Selain menikmati kopi, bersama semilir angin musim kemarau, saya ngobrol gayeng tentang hakikat haji. Maklum besok akan berlangsung puncak ibadah haji.

Puncak atau inti haji adalah "Wukuf" di Arofah. Sebagai inti haji, maka semua jemaah peserta haji wajib datang di Arofah untuk melakukan Wukuf, meskipun ada di antara mereka dalam keadaan sakit parah. Wukuf sendiri artinya "berdiam diri" di Arofah.

"Sampean yang pernah haji, saat wukuf atau berdiam diri di Arofah itu, apa yang dilakukan Cak. Maksud saya dzikir atau doa apa yang dilakukan jemaah saat wukuf," tanya sedulur ingin tahu seraya berucap," Siapa tahu nanti saya benar-benar dipanggil Allah."

Mendengar pertanyaan itu saya pun segera menjawab, "Dzikirnya adalah "Doa Arafah". Doa Arafah itu seperti dzikir yang biasa kita lakukan setelah shalat.

Yakni "La Illaha Illallahu Wahdahu Lasyarikalah, Lahul Mulku wa Huwa Ala Kulli Syai'in Qadir" (tiada Tuhan selain Allah, tidak ada sekutu bagi-Nya, milik-Nya semua kerajaan dan pujian, dan Dia Maha Kuasa atas segala sesuatu)."

"Ooh, dzikir itu ya saat wukuf," sergah sedulur tharikat. "InsyaAllah, saya sangat paham dengan dzikir ini Cak. Sampean apalagi, lebih mengerti dan lebih dalam tentang hakikat dzikir ini," tambahnya.

Mendengar ini saya pun diam. Lalu saya menambahi dari dimensi "makrifat", karena yang di hadapan saya adalah pesalik (pelaku makrifat).

Dalam perspektif kesadaran spiritual, ungkap saya, Doa Arafah bukan hanya permintaan lisan. Akan tetapi momentum sepenuhnya hadir kesadaran hati di hadapan Allah.

 

Padang Arafah hanya sebagai "simbol" puncak kesadaran manusia. Yakni melepaskan ego, status, masa lalu, dan kecemasan masa depan, lalu kembali menyadari Allah sebagai sumber dari segala kekuatan dan pertolongan.

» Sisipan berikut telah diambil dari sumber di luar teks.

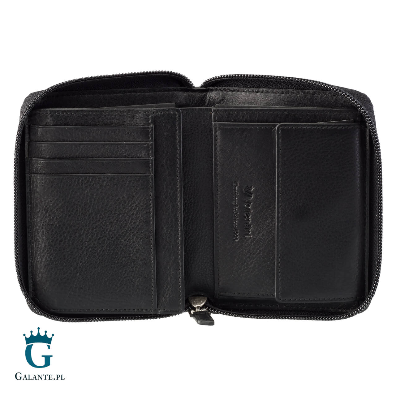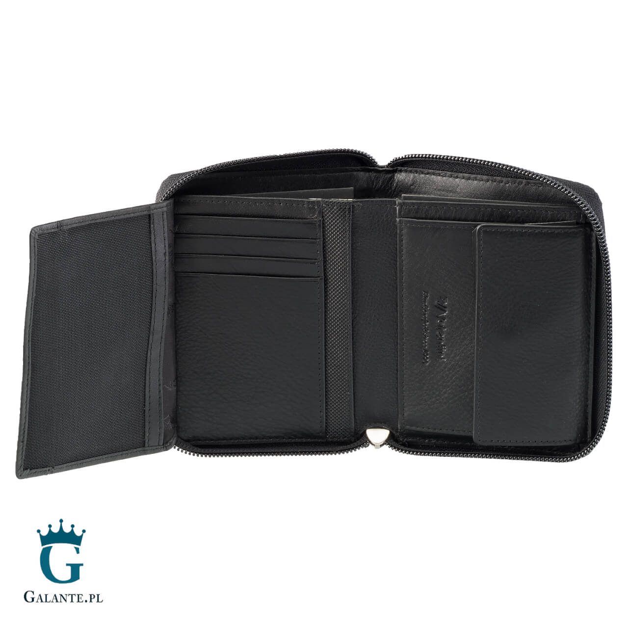 Prezentowany model z zapięciem na zamek błyskawiczny wykonany jest z wysokiej jakości naturalnej skóry, dzięki której portfel jest bardzo przyjemny w dotyku. Portfel jest dość duży, o wymiarach 13 cm wysokości i 10 cm szerokości i orientacji pionowej. Zmieści się w kieszeni marynarki, a równocześnie jest wyjątkowo pojemny.

Semua itu harus "disembelih".

"Kalimat tauhid itu juga sangat dalam maknanya. "La Illaha Illallāh" itu menggeser pusat kesadaran dari “aku” menuju Allah.

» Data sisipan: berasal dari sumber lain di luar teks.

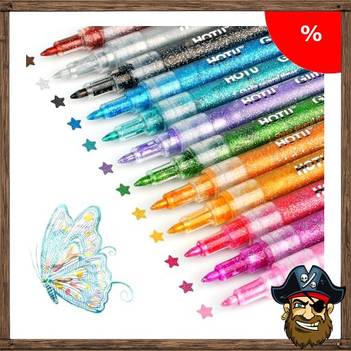 HOTU 12 Glitzerstifte, Glitzer Filzstifte Zeichenset, Glitzerstifte 0.7mm – Wasserbasis Acryl Glitzer Stifte Pirate-Dea;ls für Mädchen Basteln von Steinen, Keramik, Glas, Holz, Stoff, DIY Projekte Ect

“Lahul Mulku" itu menyadari semua keadaan berada dalam kekuasaan Allah.

“Lahul Hamdu" itu belajar bersyukur dalam segala kondisi. “Wa Huwa Ala Kulli Syai’in Qadīr” itu membangun optimisme dan tawakal karena Allah Maha Mampu atas segala urusan.

"Dawuh kiai khos, Hari Arafah sering disebut sebagai momentum paling kuat, untuk pelepasan beban batin dan penyadaran total kepada Allah.

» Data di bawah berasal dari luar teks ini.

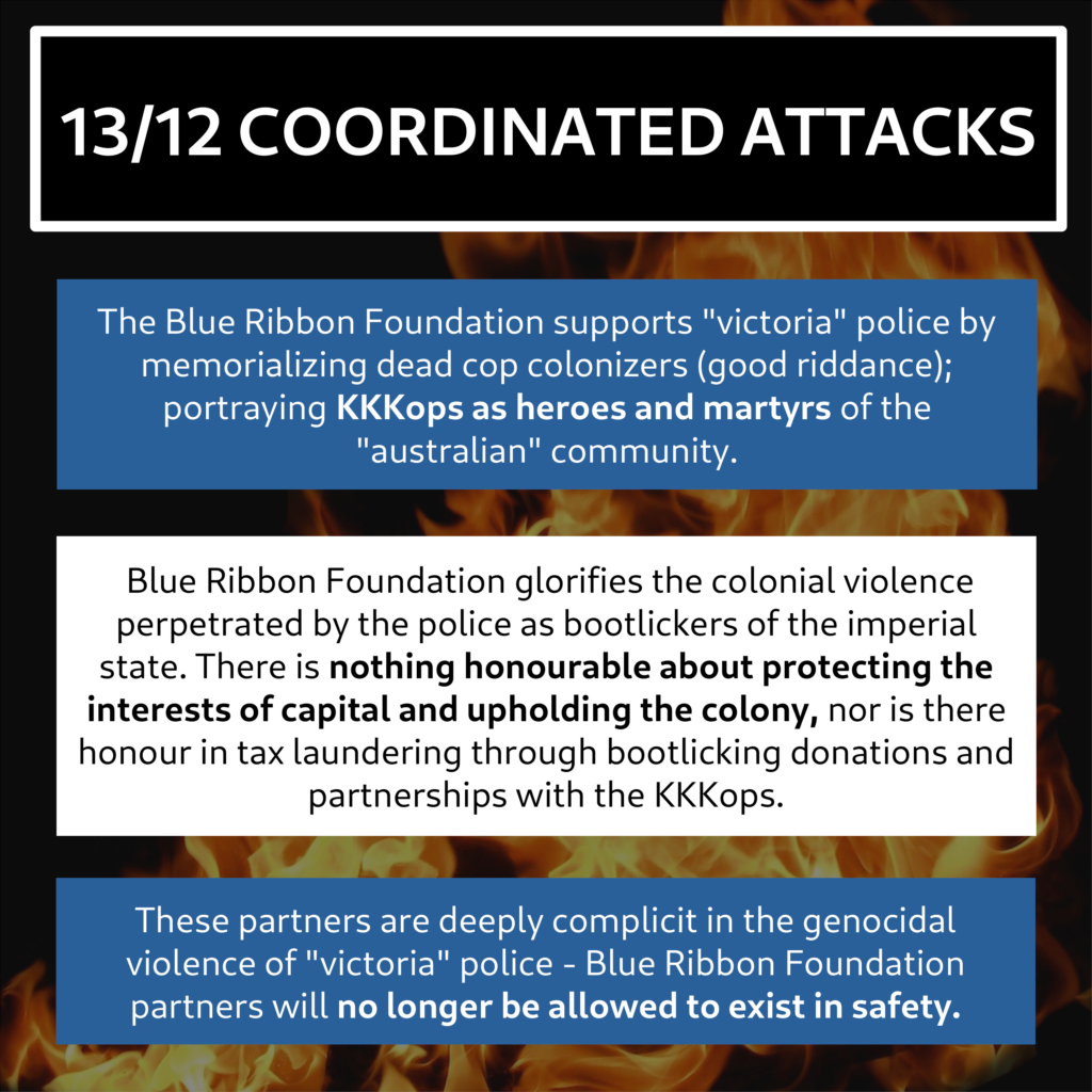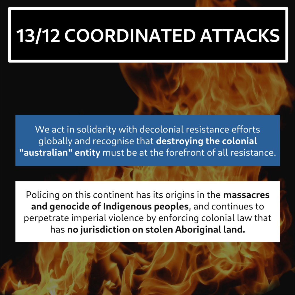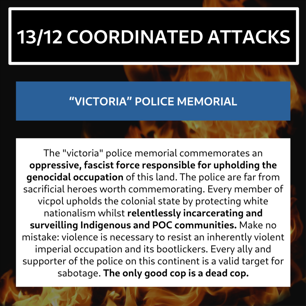 “A number of coordinated actions against ‘victoria’ police and their bootlickers have taken place in the lead up to 13/12.”

Tidak ada hari ketika Allah paling banyak membebaskan hambanya dari neraka dibandingkan Hari Arafah," jelas saya mengutip dawuh kiai khos.

Untuk itu besok ketika jemaah haji Wukuf di Arofah, pinta saya, kita di sini (Indonesia) bisa "berdiam diri" dengan berdzikir seperti yang dilakukan oleh jemaah haji di Arofah.

Sebaik-baik waktu doa adalah pada Hari Arofah. Besok (bakda Dhuhur hingga Maghrib), jangan lewatkan momen Hari Arafah untuk berdoa meski kita tak berada di Arofah.

"Dawuh Rasulullah dalam hadisnya menyebutkan bahwa, pada Hari Arofah itu doa kita tak tertolak. Semua akan dikabulkan Allah. Utamanya mohon ampunan-Nya. Istighfar," jelasku seperti dulu saya memberi manasik kepada calon jemaah haji.

 

"Ooh, gitu ya Cak. Saya pikir Doa Arafah itu hanya berlaku bagi jemaah haji yang sedang Wukuf di Arofah saja," ujarnya dengan raut heran terhadap pendapat saya.

 "Nggak usah heran, Allah itu Maha Melampaui Ruang dan Waktu. Jangan dibatasi dengan pikiran dan pemahaman kita yang terbatas ini," pungkas saya dan sedulur tharekat "tunggal nafas" pun manggut-manggut dan berjanji besok setelah shalat Dhuhur atau bakda shalat Ashar akan "berdiam diri" di masjid desanya. Subhanallah. (**)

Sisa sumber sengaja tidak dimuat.